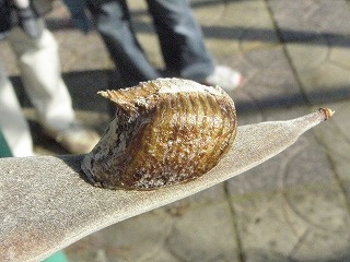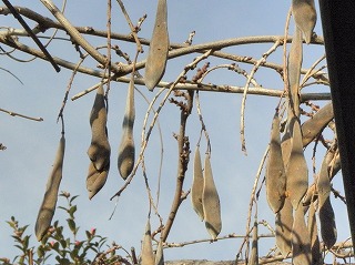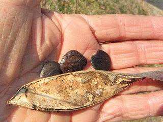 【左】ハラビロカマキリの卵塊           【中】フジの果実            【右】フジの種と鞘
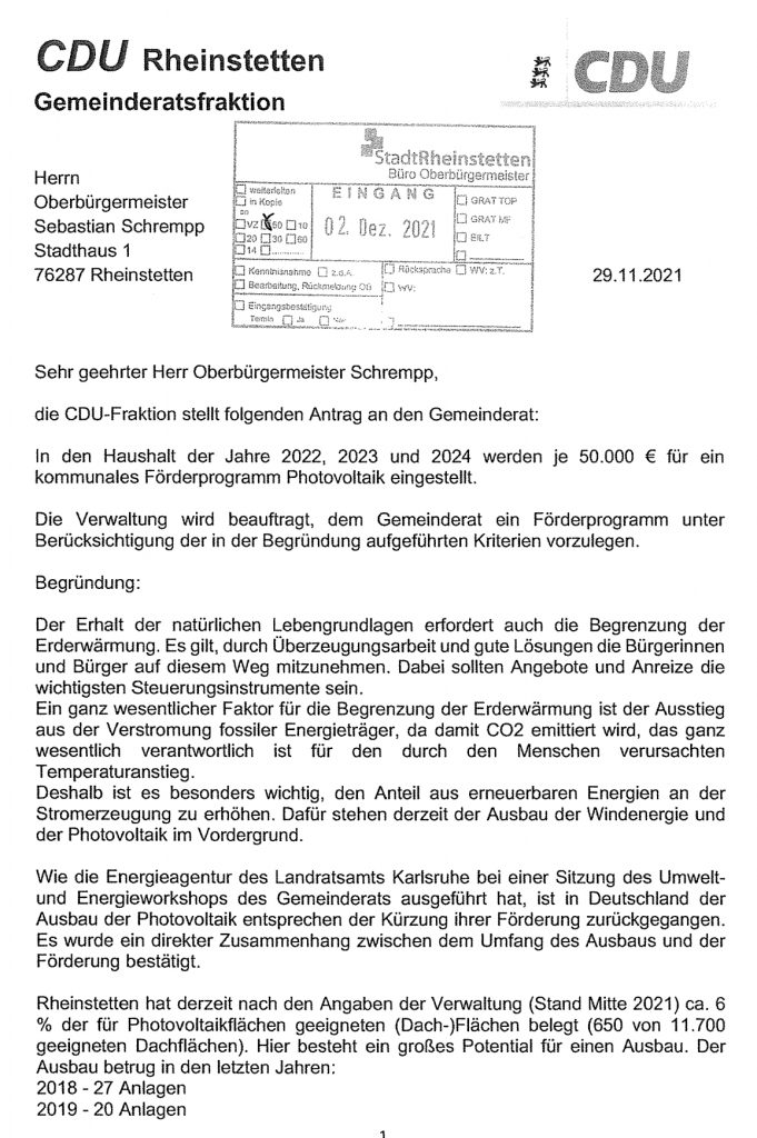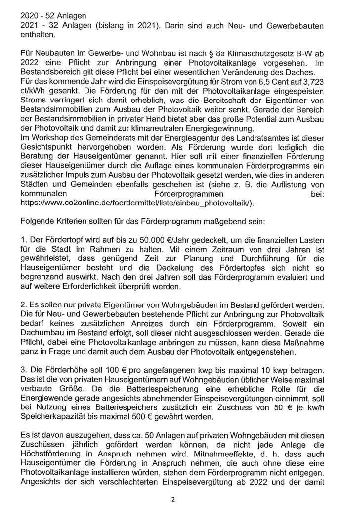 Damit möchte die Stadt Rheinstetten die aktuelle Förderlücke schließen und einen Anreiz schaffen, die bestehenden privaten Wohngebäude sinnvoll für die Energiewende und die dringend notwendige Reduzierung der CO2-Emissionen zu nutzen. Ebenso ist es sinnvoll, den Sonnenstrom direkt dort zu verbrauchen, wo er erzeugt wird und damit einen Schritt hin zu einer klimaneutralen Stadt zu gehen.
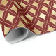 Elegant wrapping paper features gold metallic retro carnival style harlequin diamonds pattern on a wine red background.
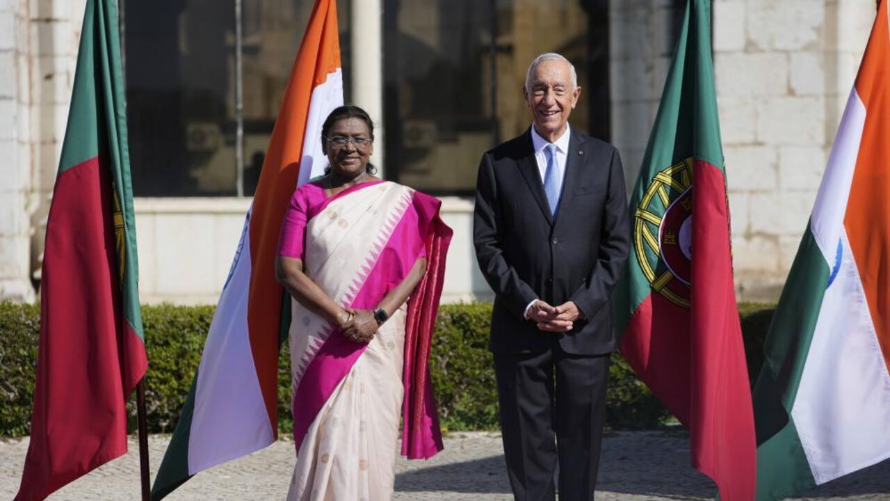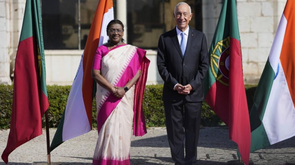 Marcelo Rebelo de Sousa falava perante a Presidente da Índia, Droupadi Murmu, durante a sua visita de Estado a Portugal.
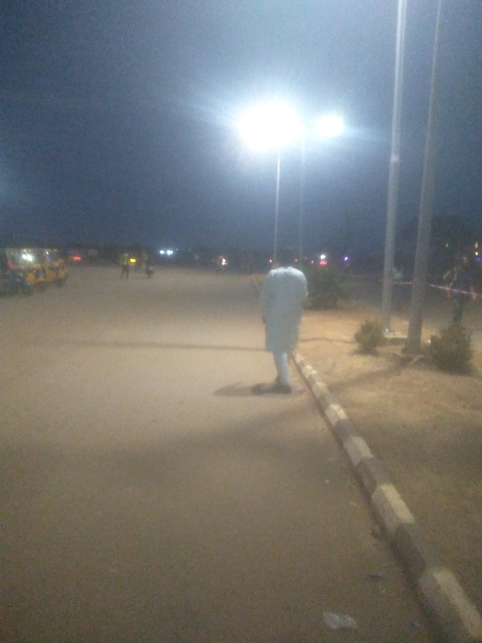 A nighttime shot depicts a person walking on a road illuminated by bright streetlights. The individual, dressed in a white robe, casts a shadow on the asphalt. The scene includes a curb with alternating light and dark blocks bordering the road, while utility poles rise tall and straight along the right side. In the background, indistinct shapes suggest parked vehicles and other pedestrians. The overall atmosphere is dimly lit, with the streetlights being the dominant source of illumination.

━━━━━━━━━━

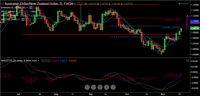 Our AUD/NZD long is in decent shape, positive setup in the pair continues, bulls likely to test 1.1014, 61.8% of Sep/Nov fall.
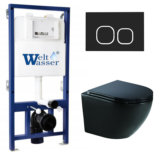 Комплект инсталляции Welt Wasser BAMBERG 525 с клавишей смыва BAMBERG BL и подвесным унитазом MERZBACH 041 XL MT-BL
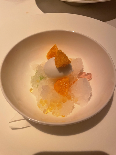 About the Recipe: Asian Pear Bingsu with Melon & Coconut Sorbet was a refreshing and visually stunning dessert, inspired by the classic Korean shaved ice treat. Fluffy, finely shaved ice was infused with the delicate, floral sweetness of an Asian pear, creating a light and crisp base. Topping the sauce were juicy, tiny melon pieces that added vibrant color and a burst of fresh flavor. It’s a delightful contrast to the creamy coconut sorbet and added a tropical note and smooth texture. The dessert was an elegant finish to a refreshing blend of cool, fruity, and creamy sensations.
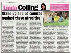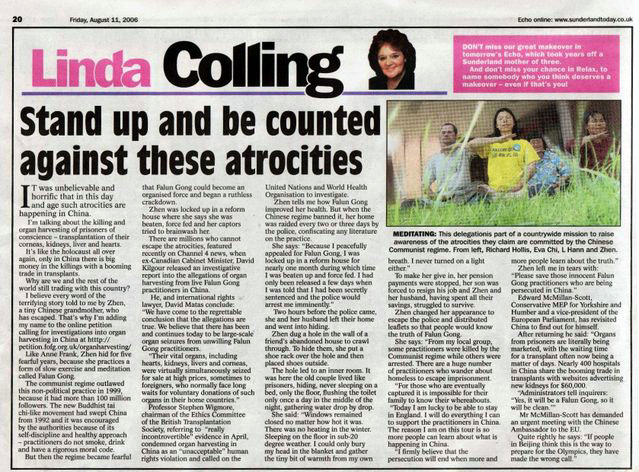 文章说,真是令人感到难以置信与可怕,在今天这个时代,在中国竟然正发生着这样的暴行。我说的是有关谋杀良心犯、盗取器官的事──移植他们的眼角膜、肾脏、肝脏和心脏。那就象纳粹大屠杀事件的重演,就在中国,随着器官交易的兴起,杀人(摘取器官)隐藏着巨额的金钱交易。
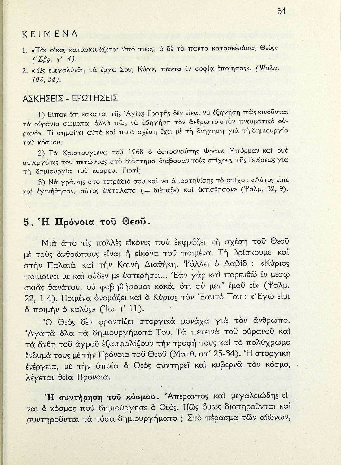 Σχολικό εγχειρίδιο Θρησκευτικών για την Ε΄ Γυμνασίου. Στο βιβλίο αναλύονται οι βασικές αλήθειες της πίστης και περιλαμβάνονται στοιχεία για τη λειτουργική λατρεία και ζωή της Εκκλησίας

━━━━━━━━━━

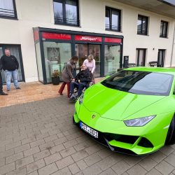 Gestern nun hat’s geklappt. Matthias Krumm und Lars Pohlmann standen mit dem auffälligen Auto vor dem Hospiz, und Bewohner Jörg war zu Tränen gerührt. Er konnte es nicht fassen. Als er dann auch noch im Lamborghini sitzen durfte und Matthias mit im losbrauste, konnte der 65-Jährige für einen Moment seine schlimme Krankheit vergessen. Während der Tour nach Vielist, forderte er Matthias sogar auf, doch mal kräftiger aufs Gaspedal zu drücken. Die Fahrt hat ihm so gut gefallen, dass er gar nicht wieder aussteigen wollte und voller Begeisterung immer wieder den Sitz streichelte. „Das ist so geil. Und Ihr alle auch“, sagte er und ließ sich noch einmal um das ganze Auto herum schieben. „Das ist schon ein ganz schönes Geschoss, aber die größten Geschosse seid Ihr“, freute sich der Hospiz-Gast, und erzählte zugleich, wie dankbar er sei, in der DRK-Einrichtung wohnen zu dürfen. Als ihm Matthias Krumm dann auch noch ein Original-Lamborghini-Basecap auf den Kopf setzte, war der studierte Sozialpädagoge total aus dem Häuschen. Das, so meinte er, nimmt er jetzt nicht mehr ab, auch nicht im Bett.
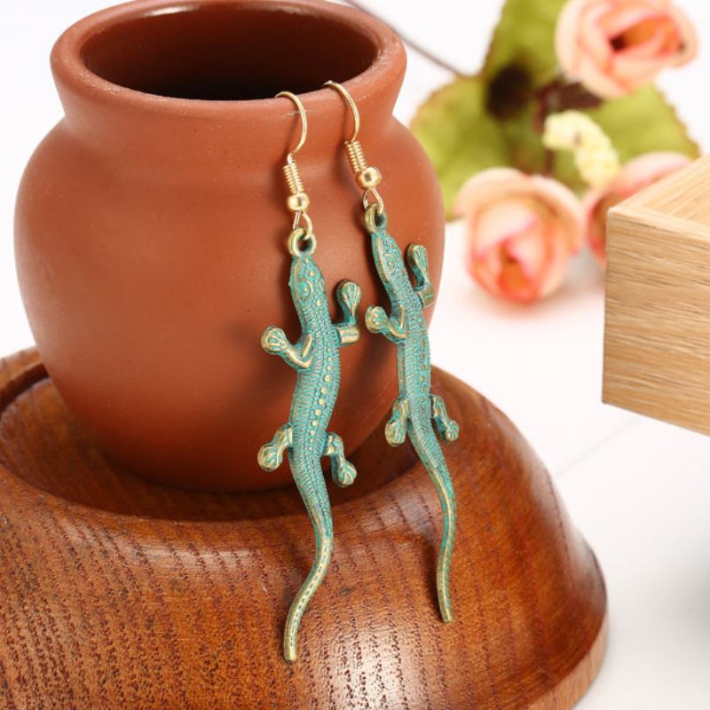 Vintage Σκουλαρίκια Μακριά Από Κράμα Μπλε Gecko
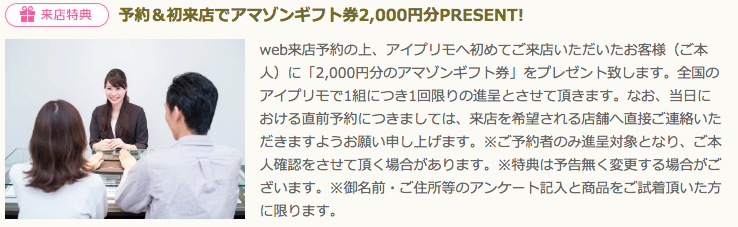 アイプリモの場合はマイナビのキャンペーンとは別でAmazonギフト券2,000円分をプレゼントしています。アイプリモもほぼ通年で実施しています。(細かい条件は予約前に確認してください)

━━━━━━━━━━

== Exercise goal ==
From the line containing "Our AUD/NZD long" through the line containing "Комплект инсталляции Welt", copy every line above exactly, without pictures.

== Written response ==
 Our AUD/NZD long is in decent shape, positive setup in the pair continues, bulls likely to test 1.1014, 61.8% of Sep/Nov fall.
 Комплект инсталляции Welt Wasser BAMBERG 525 с клавишей смыва BAMBERG BL и подвесным унитазом MERZBACH 041 XL MT-BL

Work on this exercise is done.